▶ YOUR GOAL:
Every line between the top of the data below and the line with "Двадцати лет хватило.", both ends included, must be retyped exactly.

▶ DATA SECTION:
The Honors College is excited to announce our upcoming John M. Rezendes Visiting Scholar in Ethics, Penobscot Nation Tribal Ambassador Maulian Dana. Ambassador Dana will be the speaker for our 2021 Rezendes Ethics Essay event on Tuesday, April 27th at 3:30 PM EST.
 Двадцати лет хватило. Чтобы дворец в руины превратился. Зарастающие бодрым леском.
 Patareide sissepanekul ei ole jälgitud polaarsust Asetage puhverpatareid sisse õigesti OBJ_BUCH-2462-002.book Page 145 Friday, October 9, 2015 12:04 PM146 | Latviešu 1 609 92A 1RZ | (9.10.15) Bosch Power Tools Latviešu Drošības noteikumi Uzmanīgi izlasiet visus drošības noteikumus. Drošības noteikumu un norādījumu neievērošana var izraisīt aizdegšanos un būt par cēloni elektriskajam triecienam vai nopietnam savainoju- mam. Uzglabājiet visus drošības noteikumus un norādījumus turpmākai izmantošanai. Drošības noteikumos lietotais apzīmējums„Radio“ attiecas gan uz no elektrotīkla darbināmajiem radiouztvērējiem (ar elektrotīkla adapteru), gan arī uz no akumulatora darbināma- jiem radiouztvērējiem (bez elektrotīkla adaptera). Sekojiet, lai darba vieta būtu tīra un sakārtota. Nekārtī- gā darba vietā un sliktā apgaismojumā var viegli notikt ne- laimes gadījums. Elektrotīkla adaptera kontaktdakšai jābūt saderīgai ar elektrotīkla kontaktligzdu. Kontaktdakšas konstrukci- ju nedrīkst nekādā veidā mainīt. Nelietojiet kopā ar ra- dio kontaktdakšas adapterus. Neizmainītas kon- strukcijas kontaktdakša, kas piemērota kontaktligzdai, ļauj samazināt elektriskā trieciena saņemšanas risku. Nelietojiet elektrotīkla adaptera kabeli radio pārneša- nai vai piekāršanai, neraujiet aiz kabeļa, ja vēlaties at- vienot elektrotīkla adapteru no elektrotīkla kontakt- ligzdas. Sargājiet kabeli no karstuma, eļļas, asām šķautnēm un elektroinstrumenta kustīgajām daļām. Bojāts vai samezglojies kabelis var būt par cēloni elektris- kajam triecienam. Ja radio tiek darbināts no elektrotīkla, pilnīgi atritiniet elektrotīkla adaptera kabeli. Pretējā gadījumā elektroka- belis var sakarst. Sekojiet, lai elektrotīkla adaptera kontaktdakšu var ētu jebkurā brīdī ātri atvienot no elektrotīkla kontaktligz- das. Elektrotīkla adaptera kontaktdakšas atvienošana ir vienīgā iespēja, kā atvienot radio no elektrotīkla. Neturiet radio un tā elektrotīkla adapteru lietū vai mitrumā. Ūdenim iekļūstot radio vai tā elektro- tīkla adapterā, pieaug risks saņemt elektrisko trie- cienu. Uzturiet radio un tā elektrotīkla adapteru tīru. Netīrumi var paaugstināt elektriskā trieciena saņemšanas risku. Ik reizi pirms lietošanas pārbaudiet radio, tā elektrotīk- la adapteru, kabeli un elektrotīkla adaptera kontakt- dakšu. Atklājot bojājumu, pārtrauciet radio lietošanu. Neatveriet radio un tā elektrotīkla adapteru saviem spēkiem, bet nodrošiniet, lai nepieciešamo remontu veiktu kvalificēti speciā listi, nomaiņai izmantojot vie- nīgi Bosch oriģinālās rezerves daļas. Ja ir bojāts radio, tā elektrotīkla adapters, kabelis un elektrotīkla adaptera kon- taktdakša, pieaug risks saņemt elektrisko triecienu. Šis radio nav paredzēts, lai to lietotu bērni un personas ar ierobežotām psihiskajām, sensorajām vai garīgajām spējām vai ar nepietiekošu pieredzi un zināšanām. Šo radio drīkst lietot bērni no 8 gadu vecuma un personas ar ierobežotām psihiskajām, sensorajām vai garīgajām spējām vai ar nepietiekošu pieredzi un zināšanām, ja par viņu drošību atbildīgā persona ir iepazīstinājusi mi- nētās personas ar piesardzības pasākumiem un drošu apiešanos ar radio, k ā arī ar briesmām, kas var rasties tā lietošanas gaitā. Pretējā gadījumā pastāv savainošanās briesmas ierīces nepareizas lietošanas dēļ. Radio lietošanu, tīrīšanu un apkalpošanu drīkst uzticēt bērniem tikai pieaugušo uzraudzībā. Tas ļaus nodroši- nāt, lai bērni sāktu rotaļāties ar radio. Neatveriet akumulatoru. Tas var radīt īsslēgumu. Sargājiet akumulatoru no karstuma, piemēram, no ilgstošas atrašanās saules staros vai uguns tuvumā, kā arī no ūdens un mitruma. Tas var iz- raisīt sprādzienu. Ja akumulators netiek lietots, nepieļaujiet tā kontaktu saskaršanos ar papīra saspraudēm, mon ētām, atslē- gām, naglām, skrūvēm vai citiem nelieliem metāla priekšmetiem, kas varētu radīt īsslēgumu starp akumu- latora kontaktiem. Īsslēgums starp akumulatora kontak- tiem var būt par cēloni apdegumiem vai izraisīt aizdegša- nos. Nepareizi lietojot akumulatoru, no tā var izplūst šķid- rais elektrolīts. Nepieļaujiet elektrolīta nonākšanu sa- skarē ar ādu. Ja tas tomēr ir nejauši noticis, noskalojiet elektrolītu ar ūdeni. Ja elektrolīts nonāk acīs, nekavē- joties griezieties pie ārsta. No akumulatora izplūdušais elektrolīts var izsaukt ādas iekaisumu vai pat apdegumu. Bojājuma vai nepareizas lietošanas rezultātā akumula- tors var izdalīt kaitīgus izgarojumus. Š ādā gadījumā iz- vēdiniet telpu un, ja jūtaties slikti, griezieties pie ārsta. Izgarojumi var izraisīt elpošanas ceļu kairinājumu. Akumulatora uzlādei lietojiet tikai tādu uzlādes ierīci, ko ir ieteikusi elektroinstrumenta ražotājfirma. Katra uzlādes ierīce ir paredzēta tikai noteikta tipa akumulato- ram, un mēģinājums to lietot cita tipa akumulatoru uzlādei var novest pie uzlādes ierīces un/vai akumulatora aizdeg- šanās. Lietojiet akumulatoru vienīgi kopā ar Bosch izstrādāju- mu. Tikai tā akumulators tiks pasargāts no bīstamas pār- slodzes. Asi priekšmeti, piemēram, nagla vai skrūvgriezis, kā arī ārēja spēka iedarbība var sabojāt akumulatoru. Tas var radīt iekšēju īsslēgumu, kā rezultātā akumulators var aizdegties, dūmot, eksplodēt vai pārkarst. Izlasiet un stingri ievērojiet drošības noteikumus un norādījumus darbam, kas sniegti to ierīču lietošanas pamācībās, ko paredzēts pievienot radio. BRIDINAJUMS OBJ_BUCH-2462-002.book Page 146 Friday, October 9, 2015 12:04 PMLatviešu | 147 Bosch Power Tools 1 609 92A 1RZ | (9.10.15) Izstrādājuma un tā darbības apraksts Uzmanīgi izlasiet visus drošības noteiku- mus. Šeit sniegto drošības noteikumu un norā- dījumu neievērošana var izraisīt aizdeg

▶ REPLY TO THE EXERCISE:
The Honors College is excited to announce our upcoming John M. Rezendes Visiting Scholar in Ethics, Penobscot Nation Tribal Ambassador Maulian Dana. Ambassador Dana will be the speaker for our 2021 Rezendes Ethics Essay event on Tuesday, April 27th at 3:30 PM EST.
 Двадцати лет хватило. Чтобы дворец в руины превратился. Зарастающие бодрым леском.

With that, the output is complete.